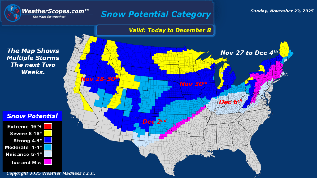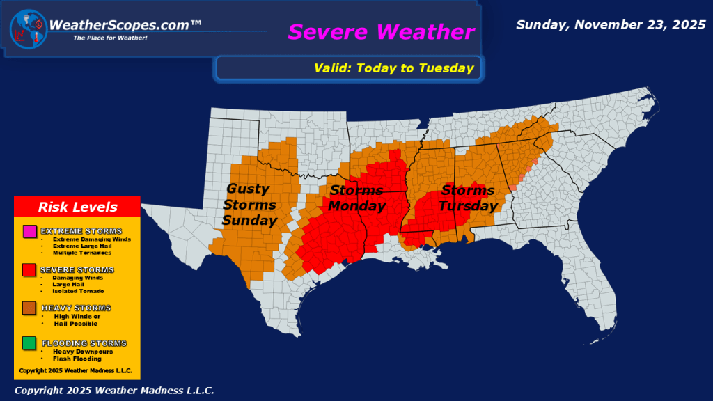 This morning we are seeing some showers and thunderstorms in the Southwest, and some snow showers making their way through parts of the Northeast. Today will also bring some gusty storms to Texas and the Lower Mississippi Valley. With these storms we can expect some gusty conditions and the possibility of these storms becoming severe. Over the next 24-48 hours Texas into the Mississippi Valley and parts of the Southeast could see a chance for some localized flooding. This week we are tracking some snow just in time for Thanksgiving. A few systems look to come through the Plains, Great Lakes, and into the Northeast this week, and will be closely monitoring them as the week continues.
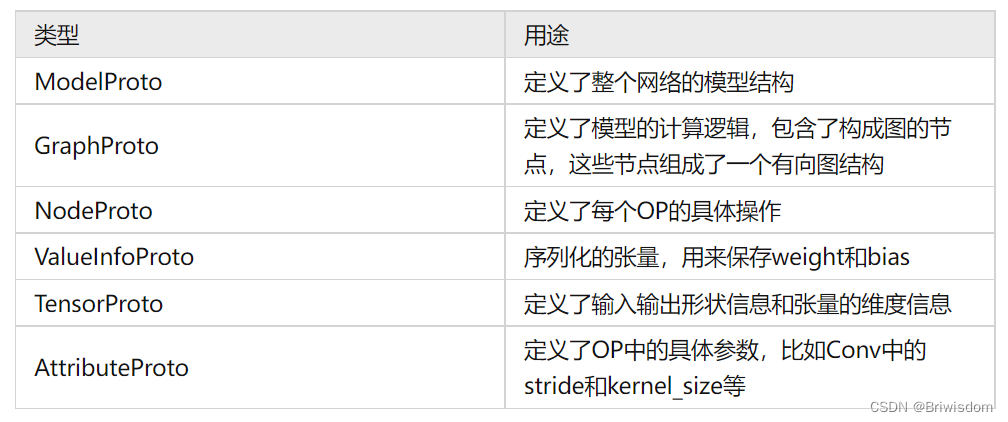onnx模型包含如下几个protobuf,定义如下。在工程实践中,导出一个ONNX模型就是导出一个ModelProto。ModelProtp中包含GraphProto、版本号等信息。GraphProto又包含了NodeProto类型的node,ValueInfoProto类型的input和output,TensorProto类型的initializer。其中,node包含了模型中的所有OP,input和output包含了模型的输入和输出,initializer包含了所有的权重信息。 每个计算节点node中还包含了一个AttributeProto数组,用来描述该节点的属性,比如Conv节点或者卷积层的属性包含group,pad,strides等等。
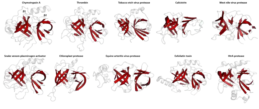 ![]() The double β-barrels that characterise the PA clan are highlighted in red. (TEV protease, PDB: 1lvm) | |
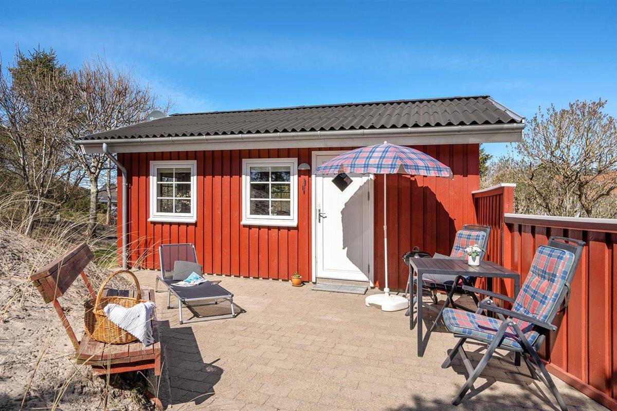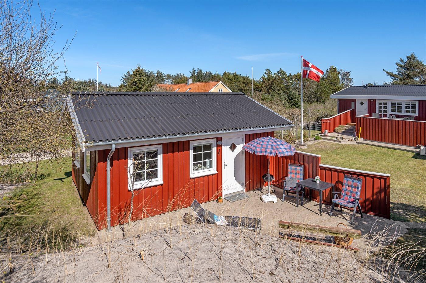 Gezellig vakantiehuis in Blokhus, 800 m van zee, met terras en parkeergelegenheid, ideaal voor een ontspannen verblijf.
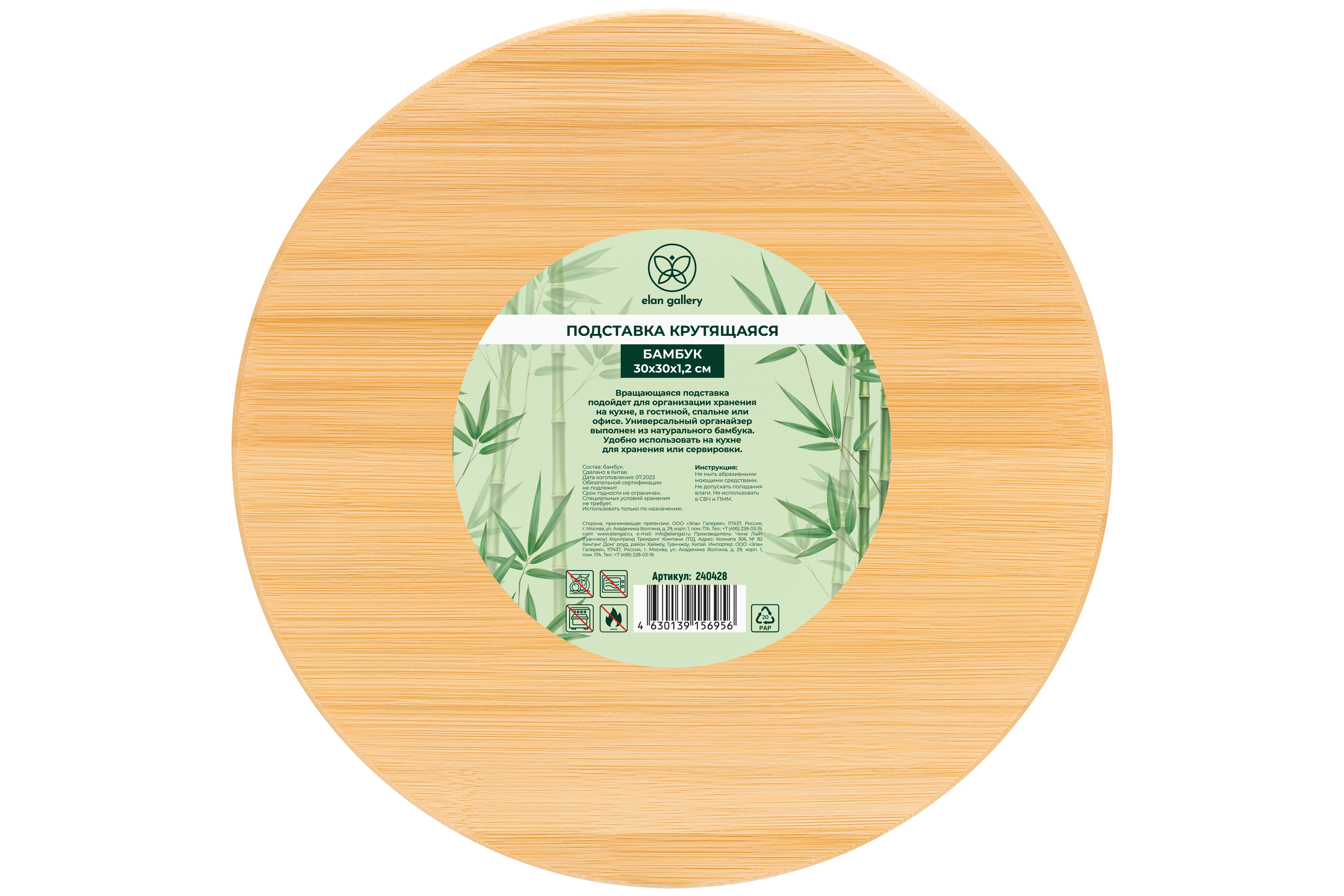 Цена на Подставка Elan Gallery бамбуковая крутящаяся 30х30х1.2 см - 1495 ₽.
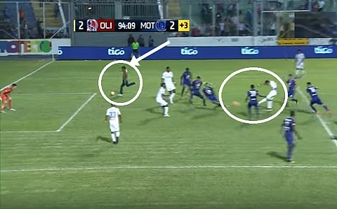 فأثناء مباراة أولمبيا وموتاغوا، وهما اثنان من أكبر الفرق في هندوراس، تسلل أحد المشجعين إلى الملعب حاملاً كرة، واقترب من المرمى قبل أن يسددها في الشباك.
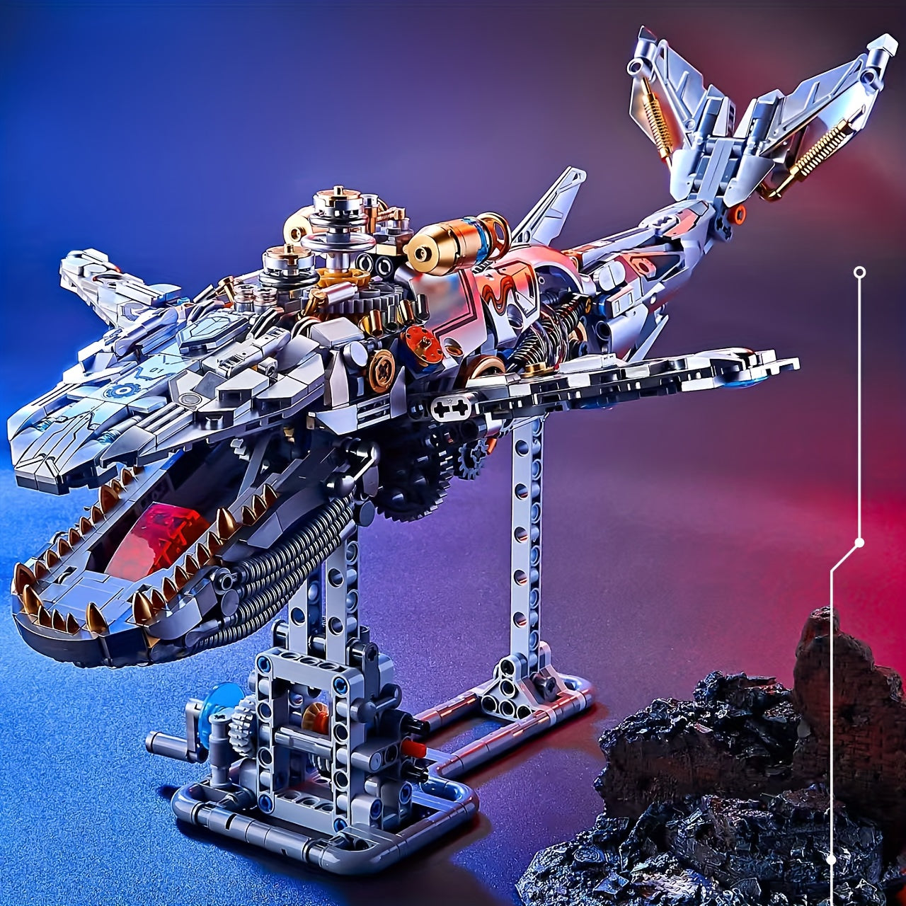 Ein starkes Bauprojekt voller Details: Dieser robuste Wal erwacht auf seinem eigenen Ständer zum Leben und macht großen Spaß beim Zusammensetzen.
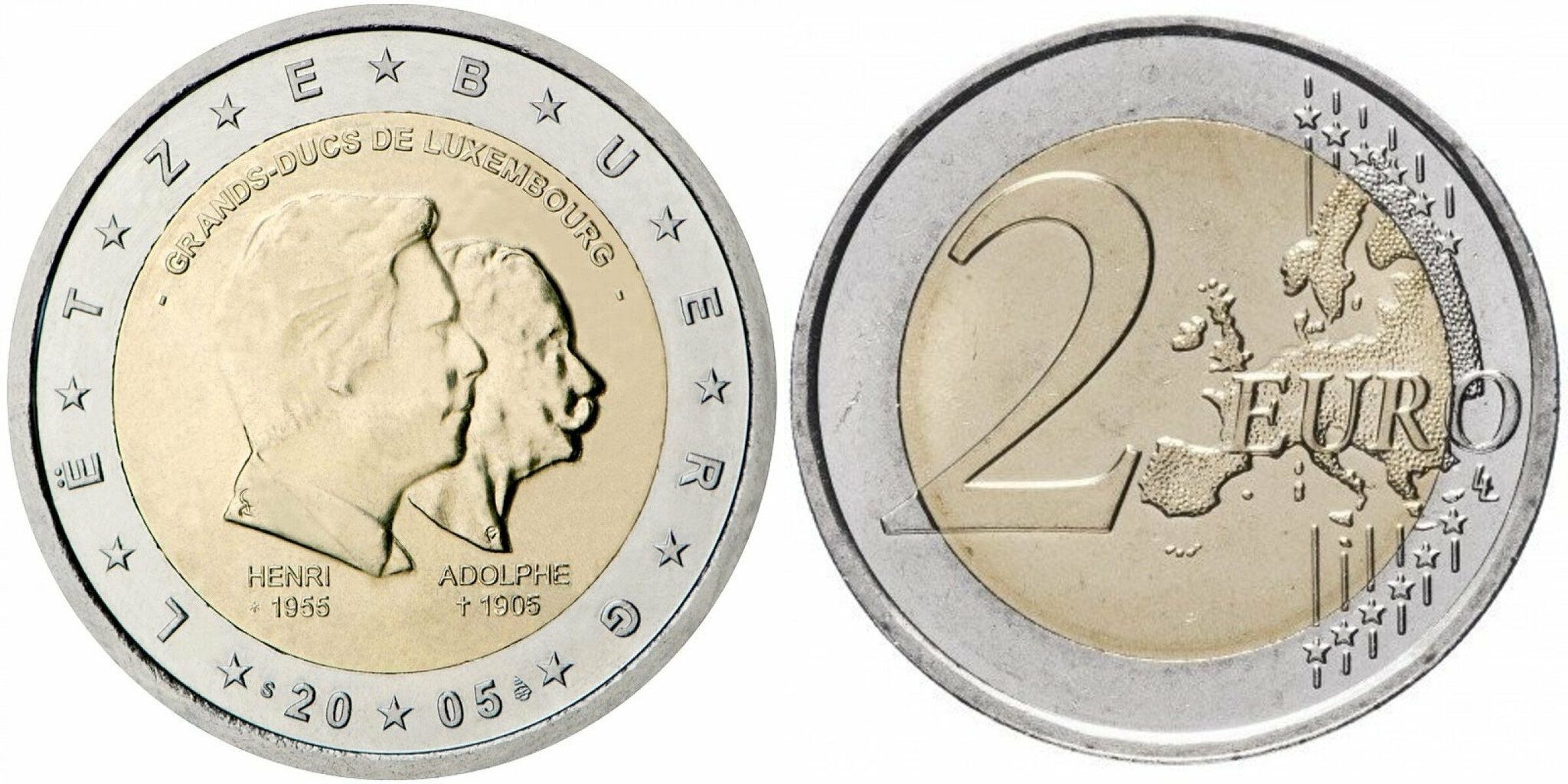 Люксембург 2 евро, 2005 50 лет правящему монарху Анри Нассау и 100 лет со дня смерти герцога Адольфа XF
• • • • • • •
- [Exercise requirements]: Return exactly the lines that appear in the data above between the line containing "Gezellig vakantiehuis in" and the line containing "فأثناء مباراة أولمبيا", both of which are included, and leave the pictures out.

- [Output of the task]:
 Gezellig vakantiehuis in Blokhus, 800 m van zee, met terras en parkeergelegenheid, ideaal voor een ontspannen verblijf.
 Цена на Подставка Elan Gallery бамбуковая крутящаяся 30х30х1.2 см - 1495 ₽.
 فأثناء مباراة أولمبيا وموتاغوا، وهما اثنان من أكبر الفرق في هندوراس، تسلل أحد المشجعين إلى الملعب حاملاً كرة، واقترب من المرمى قبل أن يسددها في الشباك.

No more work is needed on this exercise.